The colon is packed with symbiotic bacteria, and is the site of most intestinal fermentation. The small intestine contains fewer bacteria, but gut barrier function there is critical as well. The small intestine is where the GI doctor will take a biopsy to look for celiac disease. Celiac disease is a degeneration of the small intestinal lining due to an autoimmune reaction caused by gluten (in wheat, barley and rye). This brings us to one of the most important elements of maintaining gut barrier health: avoiding food sensitivities. Gluten and casein (in dairy protein) are the two most common offenders. Gluten sensitivity is widespread and typically undiagnosed (10).

Eating raw fermented foods such as sauerkraut, kimchi, yogurt and half-sour pickles also helps maintain the integrity of the upper GI tract. I doubt these have any effect on the colon, given the huge number of bacteria already present. Other important factors in gut barrier health are keeping the ratio of omega-6 to omega-3 fats in balance, eating nutrient-dense food, and avoiding the questionable chemical additives in processed food. If triglycerides are important for leptin sensitivity, then avoiding sugar and ensuring a regular source of omega-3 should aid weight loss as well.
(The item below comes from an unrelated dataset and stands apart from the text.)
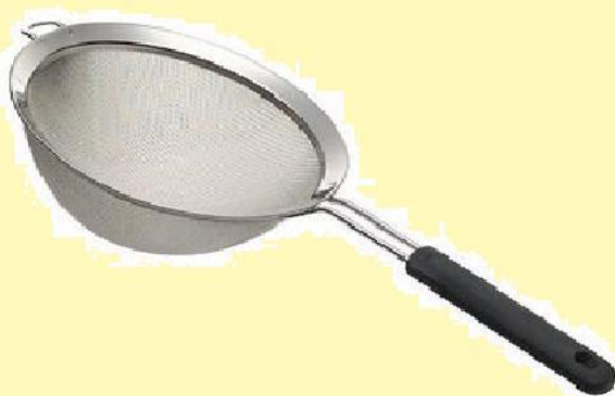
11. S _ _ V _
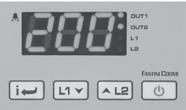
Fig.1 - Front panel

Thank you for having chosen a Fantini Cosmi product. Before installing the instrument, please read these instructions carefully to ensure maximum performance and safety.

Strategies: Micronutrients

As I discussed in the last post, micronutrient deficiency probably plays a role in obesity, both in ways that we understand and ways that we (or I) don't. Eating a diet that has a high nutrient density and ensuring a good vitamin D status will help any sustainable fat loss strategy. The easiest way to do this is to eliminate industrially processed foods such as white flour, sugar and seed oils. These constitute more than 50% of calories for the average Westerner.
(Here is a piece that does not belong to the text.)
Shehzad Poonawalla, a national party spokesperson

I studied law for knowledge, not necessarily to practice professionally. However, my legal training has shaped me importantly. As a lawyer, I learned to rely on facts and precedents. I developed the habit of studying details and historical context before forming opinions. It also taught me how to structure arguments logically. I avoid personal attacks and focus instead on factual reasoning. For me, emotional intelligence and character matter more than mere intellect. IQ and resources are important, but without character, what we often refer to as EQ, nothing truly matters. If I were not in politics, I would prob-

After that, you can further increase your diet's nutrient density by learning to properly prepare grains and legumes to maximize their nutritional value and digestibility (11, 12; or by avoiding grains and legumes altogether if you wish), selecting organic and/or pasture-raised foods if possible, and eating seafood including seaweed. One of the problems with extremely low-carbohydrate diets is that they may be low in water-soluble micronutrients, although this isn't necessarily the case.

Strategies: Miscellaneous

In general, exercise isn't necessarily helpful for fat loss. However, there is one type of exercise that clearly is: high-intensity intermittent training (HIIT). It's basically a fancy name for sprints. They can be done on a track, on a stationary bicycle, using weight training circuits, or any other way that allows sufficient intensity. The key is to achieve maximal exertion for several brief periods, separated by rest. This type of exercise is not about burning calories through exertion: it's about increasing hormone sensitivity using an intense, brief stressor (hormesis). Even a ridiculously short period of time spent training HIIT each week can result in significant fat loss, despite no change in diet or calorie intake (13).
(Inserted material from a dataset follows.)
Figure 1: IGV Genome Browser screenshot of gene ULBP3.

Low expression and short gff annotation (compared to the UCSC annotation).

Anecdotally, many people have had success using intermittent fasting (IF) for fat loss. There's some evidence in the scientific literature that IF and related approaches may be helpful (14). There are different approaches to IF, but a common and effective method is to do two complete 24-hour fasts per week. It's important to note that IF isn't about restricting calories, it's about resetting the fat mass setpoint. After a fast, allow yourself to eat quality food until you're no longer hungry.

Insufficient sleep has been strongly and repeatedly linked to obesity. Whether it's a cause or consequence of obesity I can't say for sure, but in any case it's important for health to sleep until you feel rested. If your sleep quality is poor due to psychological stress, meditating before bedtime may help. I find that meditation has a remarkable effect on my sleep quality. Due to the poor development of oral and nasal structures in industrial nations, many people do not breathe effectively and may suffer from conditions such as sleep apnea that reduce sleep quality. Overweight also contributes to these problems.

I'm sure there are other useful strategies, but that's all I have for now. If you have something to add, please put it in the comments.


* Since reducing carbohydrate intake wasn't part of the intervention, this result is observational.